Furthermore, we can see from the figure that

\[\begin{split}\begin{align} {\vec V}' \cdot{\vec V}_{\perp} & = ||{\vec V}||\cdot ||{\vec V}_{\perp}|| \cos\theta\\ {\vec V}'\cdot({\hat n}\times{\vec V}) & = ||{\vec V}|| \cdot ||{\hat n} \times{\vec V}|| \sin \theta \end{align}\end{split}\]

Putting all of this together, we have

\[{\vec V}' = \cos\theta {\vec V} + (1 - \cos\theta){\hat n}\cdot{\vec V} {\hat n} + \sin theta {\hat n}\times{\vec V}\]

Writing this as \((V')^I = R^I_J V^J\),

(311)\[R^I_J = \cos\theta \delta^I_J + (1 - \cos\theta) n^I n_J + \sin\theta \epsilon^I{}_{JK} n^K\]

Here \(\epsilon_{IJK}\) is the totally antisymmetric tensor defined in the appendices. Note that I have raised and lowered various indices. In the present case, this operation does not change the numerical value of any of the vectors or tensors. I leave it as an exercise to show that this is an orthogonal matrix.

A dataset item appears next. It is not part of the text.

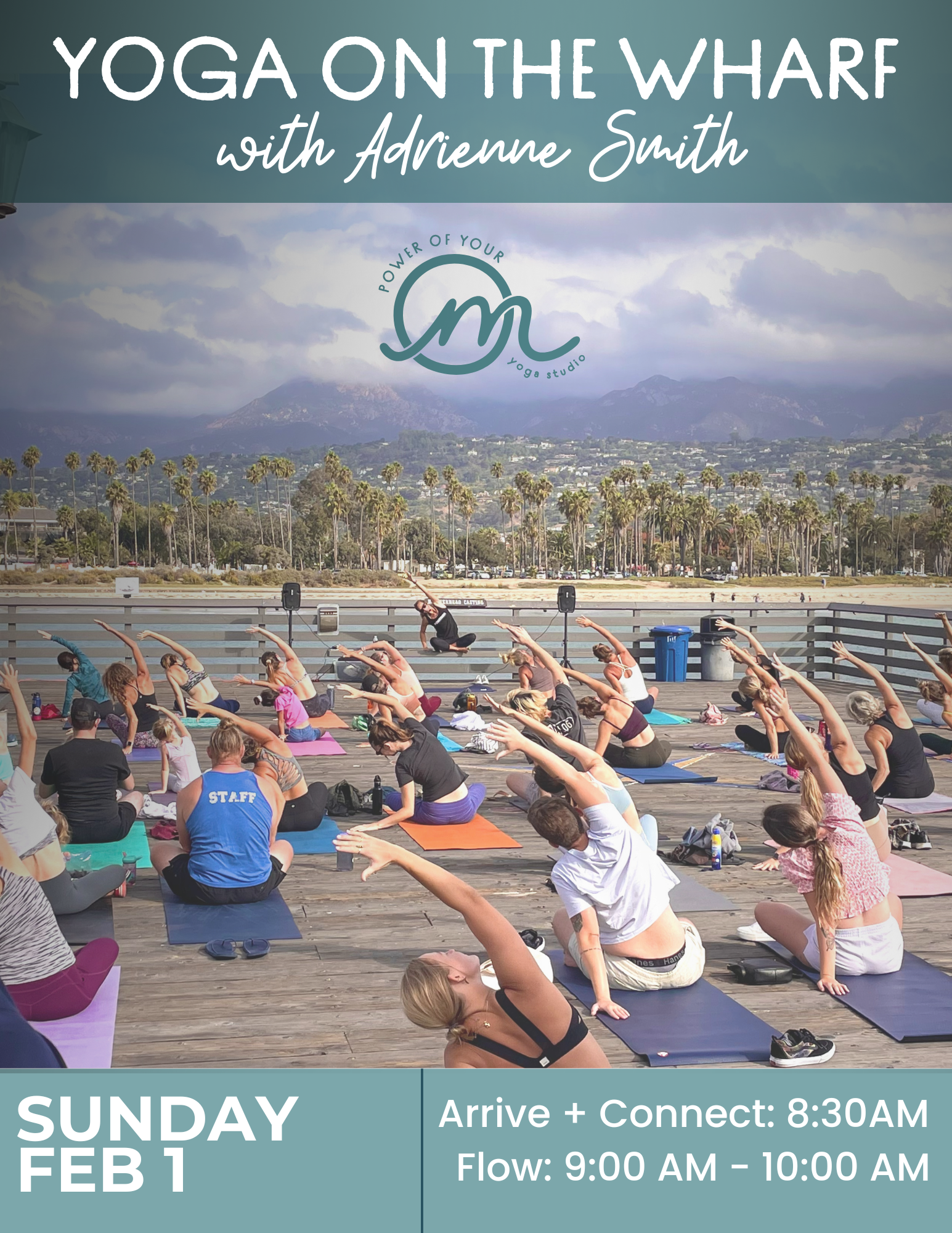 Come join the Power of Your Om community for a relaxing and rejuvenating yoga session right by the ocean at 211 Stearns Wharf. Connect with your breath, stretch your body, and find inner peace while enjoying the beautiful views around you.

You can see that there is a 3-parameter family of such matrices, labeled by \(\theta\) and by the unit vector \({\hat n}\). As it happens, the demand of orthogonality leaves only 3 independent parameters specifying a \(3\times 3\) orthogonal matrix, and in fact all members of \(SO(3)\) can be written in this way.

Infinitesimal transformations

For infinitesimal rotations, \(\cos \theta \sim 1 - \half \theta^2 + \cO(\theta^4)\), \(\sin \theta \sim \theta + \cO(\theta^3)\). Putting this into Equation (311) and keeping twerms only up to \(\cO(\theta)\), we have

\[R^I_J \sim \delta^I_J + \theta \epsilon^I{}_{JK} n^K \]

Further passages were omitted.